Erin is my younger sister, younger by a year, and yet just as questionably intelligent as my older sister. Erin was a child prodigy when it came to academia. My parents always said she was too smart for her britches, and about three years ago I started to believe them. She's been missing for about that long. No foul play detected; she just wandered off and gave us the finger more or less—or at least the technological equivalent, a dear John letter to the family via text stating she needed some space.

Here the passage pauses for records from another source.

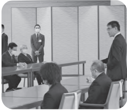
防衛大臣から説明を受けている様子

問 イージス・アシヨア「停止」を防衛大臣が示しました。ブースターが演習場外に落ちる可能性を認めて「住民の安全安心」は守れない「国益」にかなわないと防衛省自身が明らかにしました。この際、まちづくりにも大きな影響があると、はつきりと白紙撤回を求めるべきではありませんか。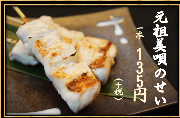
元祖美唄のせい 一本 135円 (+税)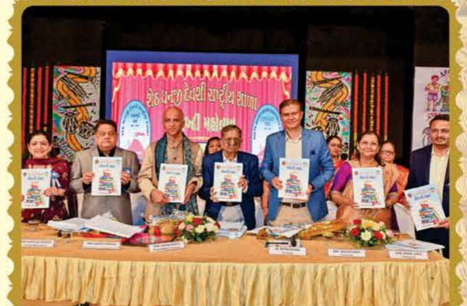
સૈકાની સફર સોવિનીયરનું વિમોચન કરતા માન્યવર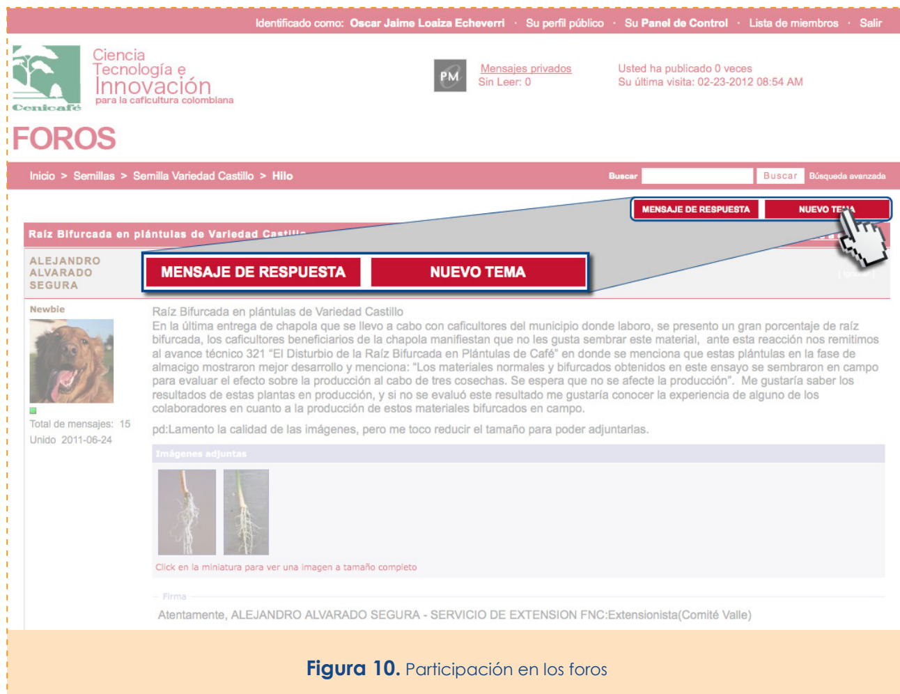
Figura 10. Participación en los foros

Después de elegir el foro de su preferencia y dentro del tema en el que quiere participar, oprima el botón "Mensaje de Respuesta o Nuevo tema" para diligenciar un formulario en el cual puede digitar el mensaje que desea compartir con extensionistas, cafeteros e investigadores (Figura 10).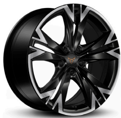
Vieglmetāla diski "Sonora" R18 (standartā CUPRA versijai)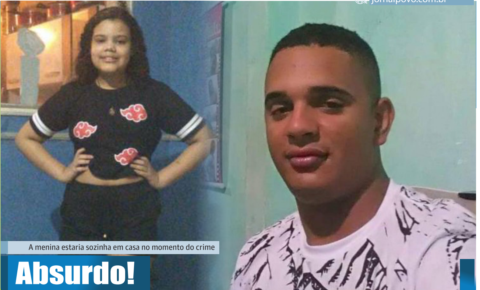
A menina estaria sozinha em casa no momento do crime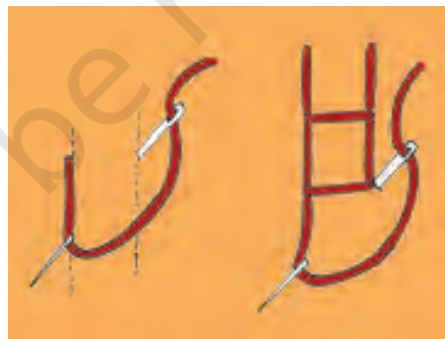
खुला हुआ ज़ंजीर टाँका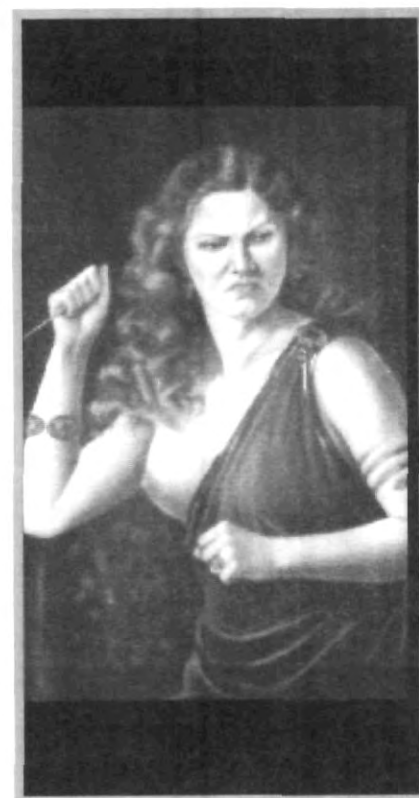
LA ACTITUD REFLEJADA EN LA PINTURA: "LA POSEIDA", ASOMBRÓ A MÁS DE UNA PERSONA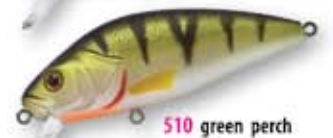
510 green perch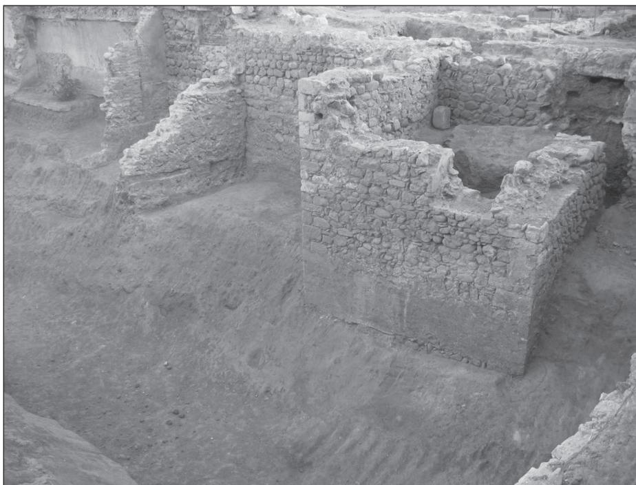
Figura 2. Foto de la bestorre localitzada al solar C2.

La bestorre localitzada en el solar C2 de Granollers, com a tal, no té el costat interior tancat, és a dir, es compon només de tres parets. Aquesta tècnica poliorcètica aconseguia que en cas d'atac i de que la bestorre sigui apressada per l'enemic, aquesta no pugui ser utilitzada per atacar l'interior de la ciutat. La bestorre documentada presenta un factura similar a les trobades anteriorment. Quant a la planta, quadrada, té 4 metres de costat. Pel que respecta al parament, està construït a partir de carreus ben desbastats i pedra de construcció de mòdul rectangular, amb inclusió d'alguna llosa i creant filades ben alineades i horitzontals. Les cantonades són reforçades a partir de l'alternança de carreus disposats de cap i través. Els murs estan construïts sobre una banqueta de pedra de construcció amb carreuada rústega, de mòdul rectangular i sense mesures definides. El morter és, ocularment, molt similar al de la muralla.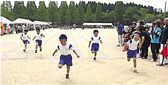
みんな早いね〜 ゴ〜〜ル!!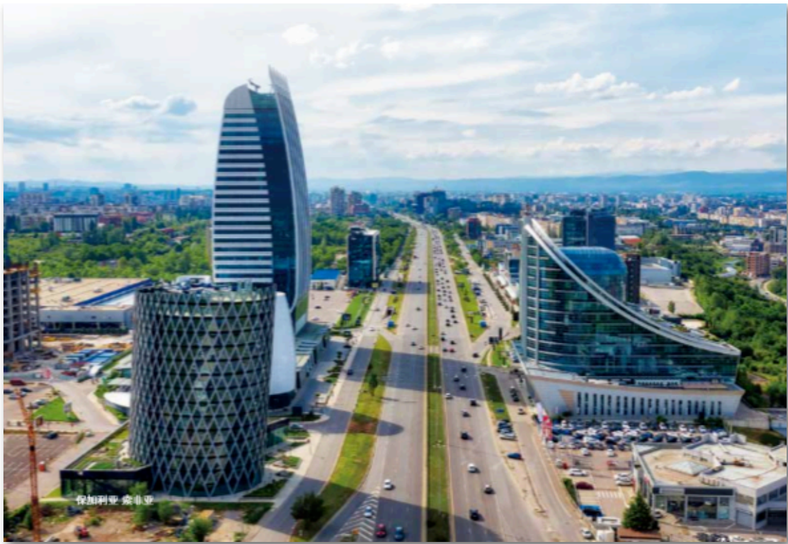
- 保加利亚 索非亚 -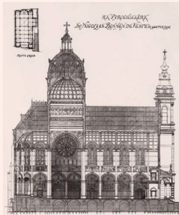
Bouwtekening van architect Adriaan Bleys, 1885.

lieke begrippen een markante kerk. Als eigenwijze leerling van Pierre Cuypers besloot hij te breken met de neogotische traditie van kerkenbouw waarop zijn leermeester patent had. Die traditie verwees naar het katholieke bloeitijdperk in de Middeleeuwen. De jongere architect kon zich niet verenigen met de vanzelfsprekendheid van deze bouwstijl en zag de neogotiek als het ongeïnspireerd en ondoordacht kopiëren van een oude stijl. Hij gaf de voorkeur aan een combinatie van vormen en verbond de emancipatie van de Amsterdamse katholieken met neorenaissance en -barok.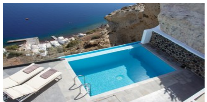
Wohnbeispiel Infinity Suiten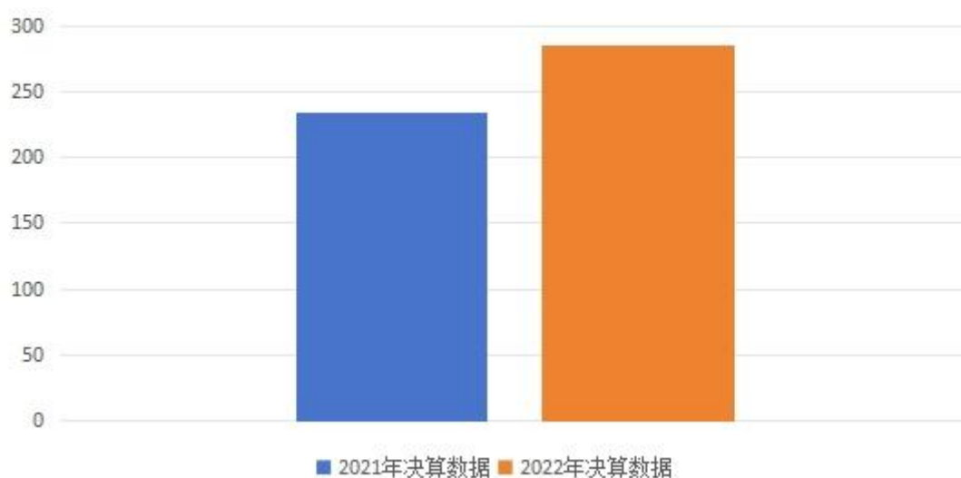
收入支出决算总体情况

2022 年度收入总计、支出总计均为 285.57 万元，与上年相比收、支总计增加 51.23 万元，增长 21.86%。主要是人员经费收支增加。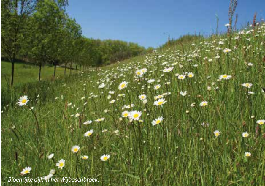
Bloerijke dijk in het Wijboschbroek.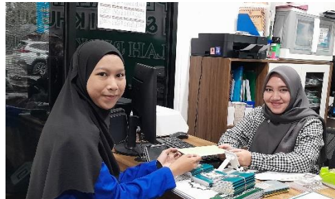
Penyerahan Surat Riset Di Kantor Perwakilan Pt. Kamilah Berkat Guru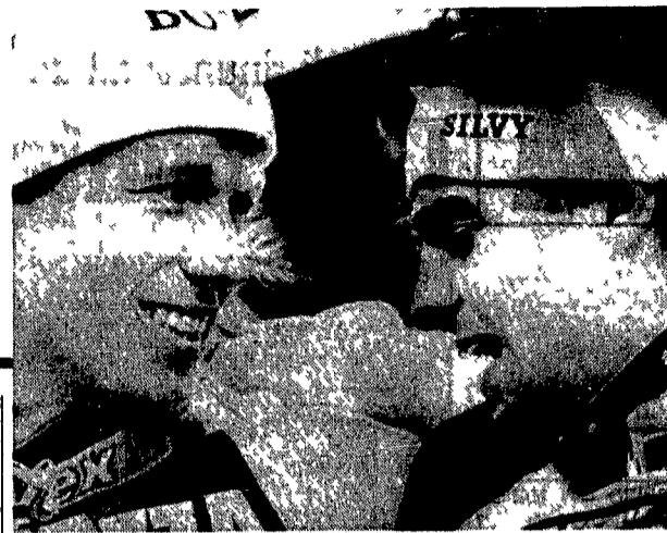
Alberto Tomba (a destra) e Pirmin Zurbriggen grandi protagonisti della Coppa del Mondo di sci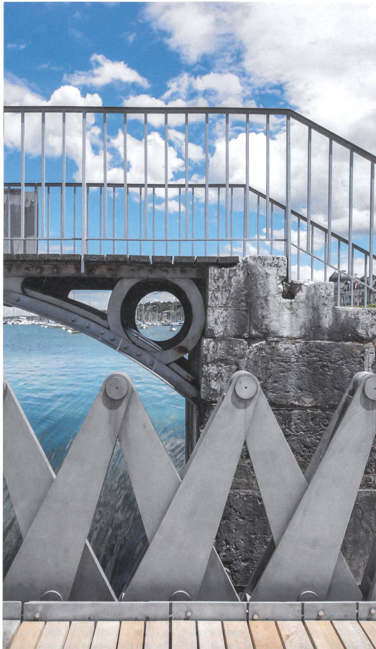
Detail der Scherenkonstruktion der neuen Brücke in Genf. Im abgesenkten Zustand ermöglicht die Brücke einen barrierefreien Zugang zum Jet d’Eau.

Der Jury des 2. Building-Awards war diese originelle Lösung des uralten Problems der Kreuzung zweier Verkehrswege sowohl den Sieg in der Kategorie Infrastrukturbau als auch den Gesamtpreis wert. Die Idee des Building-Awards, Ingenieurleistungen in der Öffentlichkeit besser wahrnehmbar zu machen, ihnen einen gebührenden Stellenwert zukommen zu lassen und junge Menschen für eine Ingenieurkarriere zu begeistern, wird durch das Projekt prägnant verkörpert. Lässt die Umsetzung der Brücke doch nicht nur die trockene Theorie erahnen, die solch ein Bauwerk erfordert, sondern zeigt auch eine gewisse spielerische Leichtigkeit und die Lust am Austüfteln von Problemlösungen.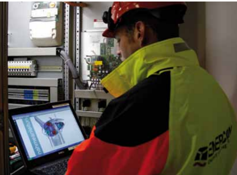
Schneller Informationsfluss: Was der ENERCON Service beim Wartungstermin vor Ort protokolliert, fließt gleich ins neue SIP mit ein.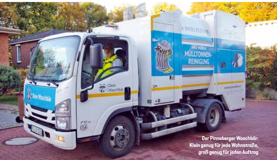
Der Pinneberger Waschbär: Klein genug für jede Wohnstraße, groß genug für jeden Auftrag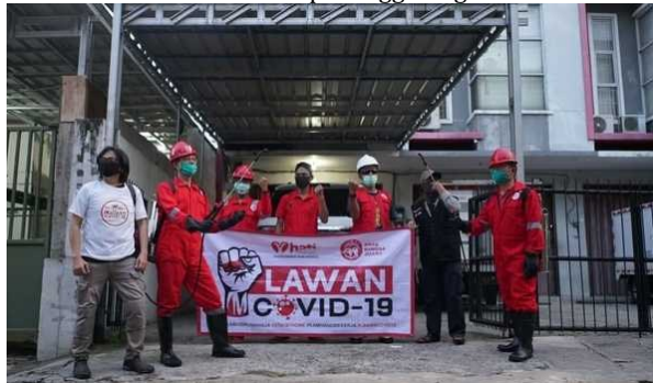
Gambar 11. Relawan penanganan covid-19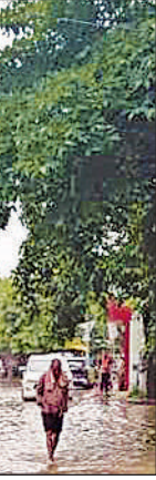
अमर सेनानी राना बेनी माधव प्रतिमा स्थल के पास भरा पानी।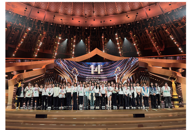
师生参加北京电影节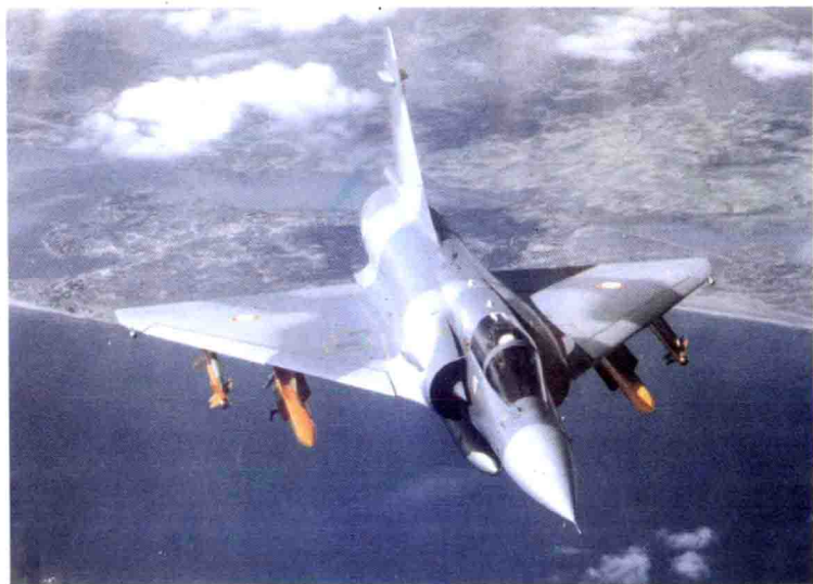
△ 法国幻影 2000 战斗机涂有海、陆、天一体伪装色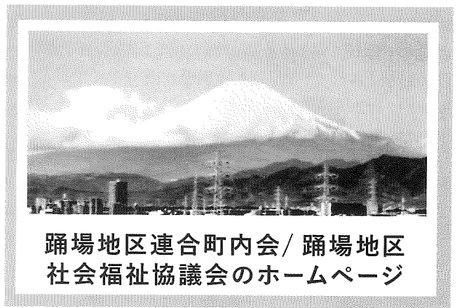
踊場地区連合町内会 / 踊場地区社会福祉協議会のホームページ

作成に当たっては、福田戸塚富士見丘ハイツ自治会会長を代表として自治会町内会および社会福祉協議会より数名の検討会メンバーが選出され意見交換を行いました。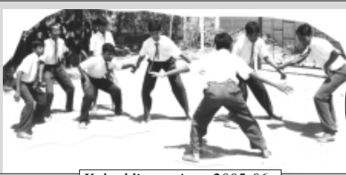
Kabaddi practice - 2005-06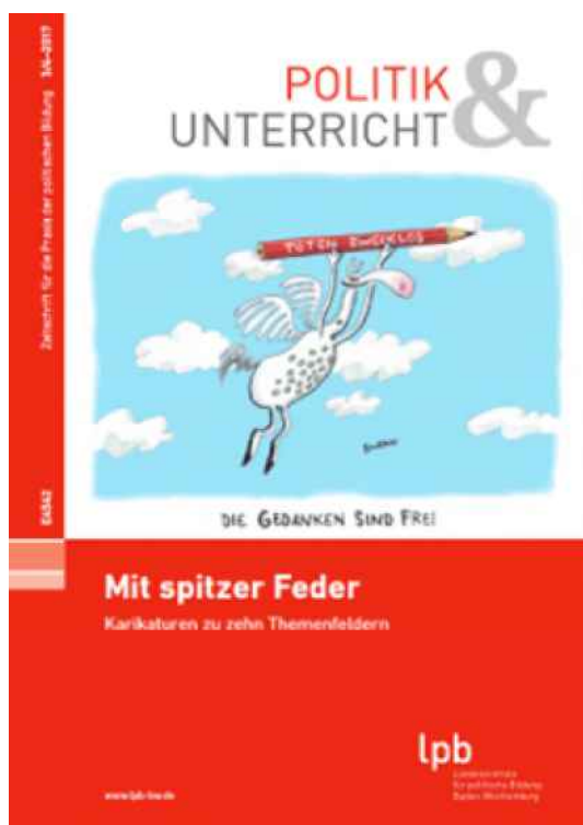
Politik & Unterricht Mit spitzer Feder Karikaturen zu zehn Themenfeldern Heft 3/4-2017 Download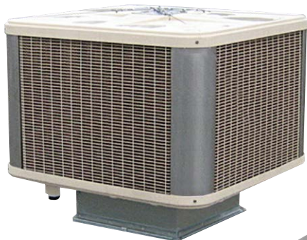
Uscita aria dal basso Air outlet from below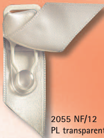
2055 NF/12 PL transparent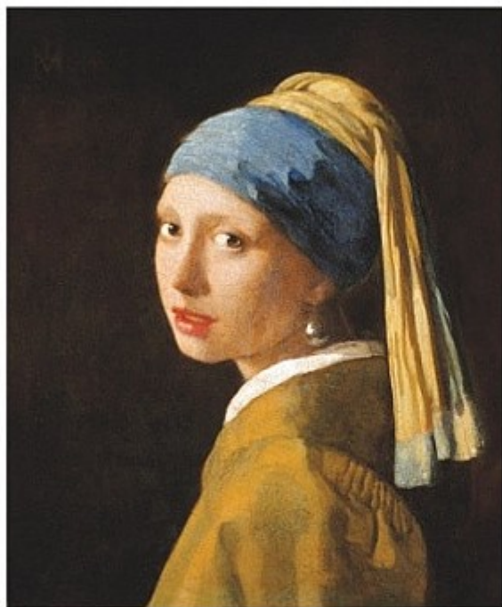
ДІВЧИНА З ПЕРЛИННОЮ СЕРЕЖКОЮ Ян Вермеєр, близько 1665

ОЛІЙНІ ФАРБИ з'явилися близько 600 років тому. Для їх виготовлення пігменти змішують із олією. Так утворюється напівпрозора кольорова субстанція, що дуже повільно сохне. Шар за шаром наносячи її, художники отримують значно точніші зображення, ніж ті, які створені іншими типами фарб. Коли було написано цей портрет, більшість митців уже послуговувалася олійними фарбами.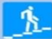
6.7 «Надземный пешеходный переход»

Этот знак устанавливается на пешеходных дорожках.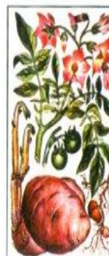
Рис. 53 Картофель сведебный

Лес является и богатым источником и поставщиком многочисленных лекарственных растений, на основе которых изготавливаются ценные лекарственные препараты. Все слышали о таких лечебных препаратах для укрепления сердечно-сосудистой системы, повышения и укрепления иммунитета организма как ландыш, пион, валериана, женьшень, элеутерококк и других.

She wished us all a nice life.
Rob grunts as he considers it, "She's not in Nevada."
"What makes you so sure?"
"Someone spotted her at a liquor store out near Ironwood Springs about three months ago."
"What?" I hiss so loud, Buddy sits up straight. "Why didn't you tell me?"
"I'm telling you now. Besides, I wanted to be sure it was her. And after some digital analysis of the security footage, I'm pretty sure it was."
My heart thumps wildly. "Did you tell my mother?"
"I'm saving that for you."
My phone pings before I can pick up a menu, but with that news about Erin, I'm too amped up to eat anyway.
I glance at the screen and shake my head.
"It looks as if we won't need you to call the feds regarding those bodies you're racking up," I tell him. "My shiny new SAC just let me know they found a head up in Cheyenne—the rest of the body was located in a creek somewhere outside of Denver. I just got my own invite to the party."